Снова возникает вопрос, мог ли Омер-паша спасти Карс. и почти каждый европейский корреспондент на Востоке отвечает на этот вопрос по-своему. Даже теперь пытаются свалить всю вину за падение Карса на Омер-пашу, и эти попытки исходят как раз из тех самых кругов, которые еще недавно всячески его превозносили. Прежде всего надо учесть, что фактически Омер-пашу задерживали в Крыму томимо его воли, пока не оказалось слишком поздно, чтобы предпринять до зимы действия сколько-нибудь крупного масштаба. Затем, когда он прибыл в Константинополь, чтобы определить свой план военных действий, ему пришлось тратить время на борьбу со всевозможными интригами. Наконец, когда все было готово, обещанных английских транспортов не оказалось, и когда турецкая армия была сосредоточена около Батума, а позднее близ Сухум-Кале, она оказалась без продовольствия, без боевых припасов и транспортных средств. Трудно себе представить, как при таких обстоятельствах можно было рассчитывать на то, что Омер-паша двинется прямо на помощь Карсу. Мы видели, что во время своей мингрельской экспедиции он ни разу не рискнул удалиться от побережья дальше, чем на расстояние двух-трех дней пути, а между тем ОН шел тогда по хорошим русским военным дорогам. Но если бы он пошел к Карсу через Эрзерум или через Ардаган, он должен был бы отдалиться от берега на расстояние двадцати-или две-надцатисуточного перехода и двигаться по руслам рек и торным тропинкам, по которым, кроме как на вьючной лошади, груза не перевезешь. У караванов, идущих из Трапезунда в Эрзерум, нет других дорог, и тот факт, что они никогда не пользуются повозками, лучше всего доказывает, по какой местности им приходится передвигаться. И это вообще единственный проторенный путь; что касается так называемых дорог из Батума в глубь страны, то наличие их еще более проблематично, так как большого движения по ним не происходит.
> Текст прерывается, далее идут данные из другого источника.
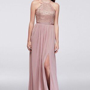 David's Bridal Rose Gold Metallic Open-Back Lace Long Bridesmaid Dress Size 8

Мудрым военным критикам, упрекающим Омер-пашу в том, что он не пошел прямо на Карс, следовало бы сначала ознакомиться с рассказами лиц, которые путешествовали по этим местам, — например, с описаниями Керзона или Боденштедта[301]. По поводу же замечания лондонской газеты «Times», что генерал Уильямс указал Омер-паше на Батум как на исходный пункт для прямого похода на Карс, мы можем лишь сказать, что Уильямс слишком хорошо знает Армению, где он прожил много лет, чтобы давать подобные советы.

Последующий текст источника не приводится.